# PROMPT
Make an exact copy, without pictures, of the lines below from the one containing "Winston & Heather" to the last line, both ends included.

# PROVIDED MATERIAL
BEGIN

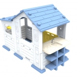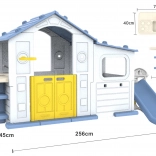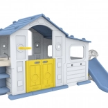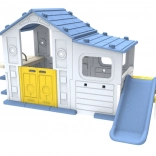 Veľký detský domček s predsieňou, šmýkačkou a drezom s modrou strechou ponúka priestranné miesto na hru a bezpečnú dvojvrstvovú šmýkačku. Je vyrobený z odolného HDPE s dvojitými stenami pre vyššiu stabilitu, má drez s policami, široké schody a basketbalový kôš s loptou – ideálny na záhradu aj do domu.
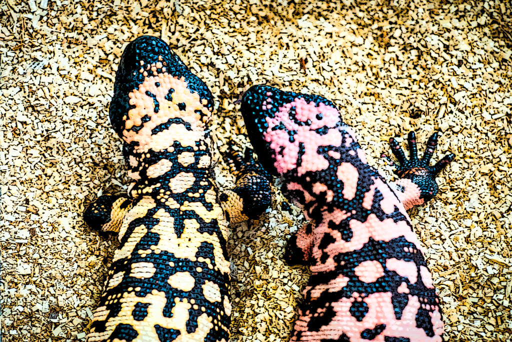 Winston & Heather (reticulated Gila monsters) snooze the day away
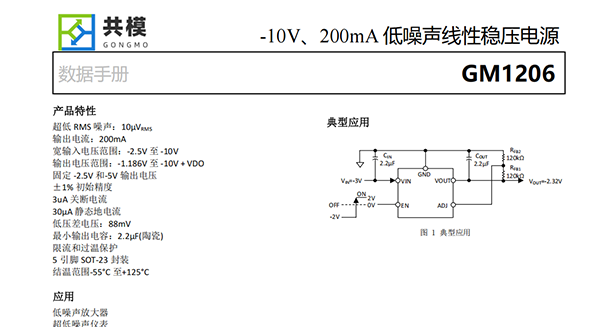 GM1206是一款微功率、低噪聲、低壓差負調壓器。該裝置能夠提供200mA的輸出電流,壓降為88mV。低靜態(tài)電流(30μA工作和3μA關機)使GM1206成為電池供電應用的最佳選擇,并且靜態(tài)電流在低壓差工況下得到了很好的控制。

END

# ANSWER TO THE EXERCISE
 Winston & Heather (reticulated Gila monsters) snooze the day away
 GM1206是一款微功率、低噪聲、低壓差負調壓器。該裝置能夠提供200mA的輸出電流,壓降為88mV。低靜態(tài)電流(30μA工作和3μA關機)使GM1206成為電池供電應用的最佳選擇,并且靜態(tài)電流在低壓差工況下得到了很好的控制。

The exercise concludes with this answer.